- HOW TO COMPLETE THIS TASK -
Each line below from the one containing "5月21日下午,记者在崇阳县" through the one containing "Dinamik ve sportif" is to be given again exactly, and no line outside that span.

─── TASK MATERIAL ───

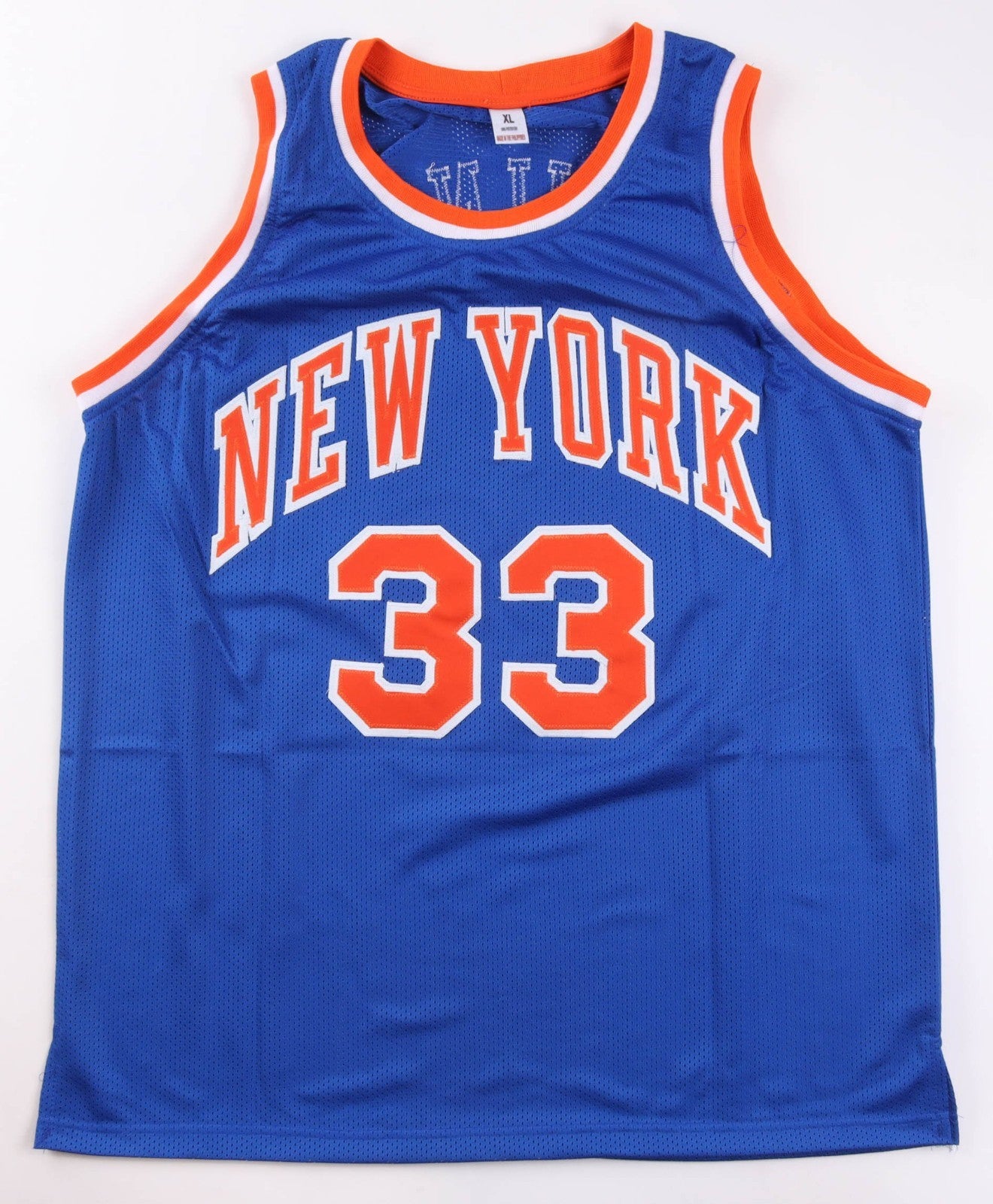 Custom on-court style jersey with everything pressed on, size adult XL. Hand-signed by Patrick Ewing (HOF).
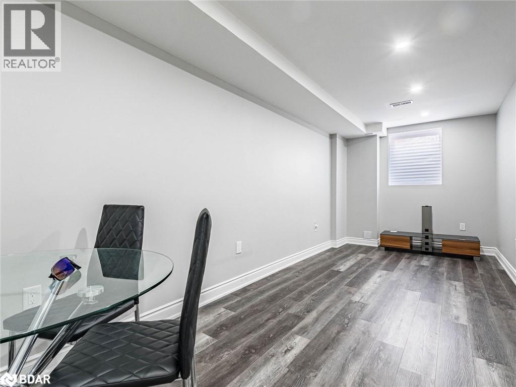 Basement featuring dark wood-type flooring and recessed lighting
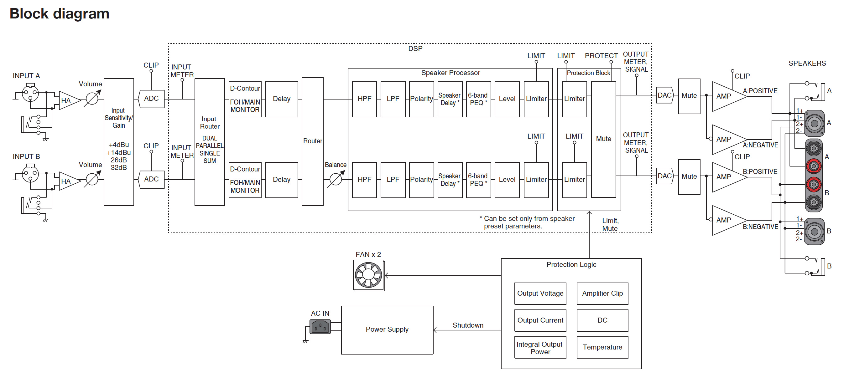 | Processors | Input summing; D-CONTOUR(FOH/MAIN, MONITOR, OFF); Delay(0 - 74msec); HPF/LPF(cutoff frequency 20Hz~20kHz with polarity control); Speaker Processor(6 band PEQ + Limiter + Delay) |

───
─── TASK MATERIAL ───

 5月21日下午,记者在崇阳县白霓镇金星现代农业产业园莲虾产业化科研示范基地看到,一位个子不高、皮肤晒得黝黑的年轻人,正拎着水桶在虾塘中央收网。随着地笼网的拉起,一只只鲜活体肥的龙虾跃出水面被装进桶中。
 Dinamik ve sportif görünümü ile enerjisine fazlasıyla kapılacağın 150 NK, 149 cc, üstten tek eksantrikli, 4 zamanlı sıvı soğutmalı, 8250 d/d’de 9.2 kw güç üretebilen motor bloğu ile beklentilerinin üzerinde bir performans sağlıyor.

───

- TASK OUTPUT -
 5月21日下午,记者在崇阳县白霓镇金星现代农业产业园莲虾产业化科研示范基地看到,一位个子不高、皮肤晒得黝黑的年轻人,正拎着水桶在虾塘中央收网。随着地笼网的拉起,一只只鲜活体肥的龙虾跃出水面被装进桶中。
 Dinamik ve sportif görünümü ile enerjisine fazlasıyla kapılacağın 150 NK, 149 cc, üstten tek eksantrikli, 4 zamanlı sıvı soğutmalı, 8250 d/d’de 9.2 kw güç üretebilen motor bloğu ile beklentilerinin üzerinde bir performans sağlıyor.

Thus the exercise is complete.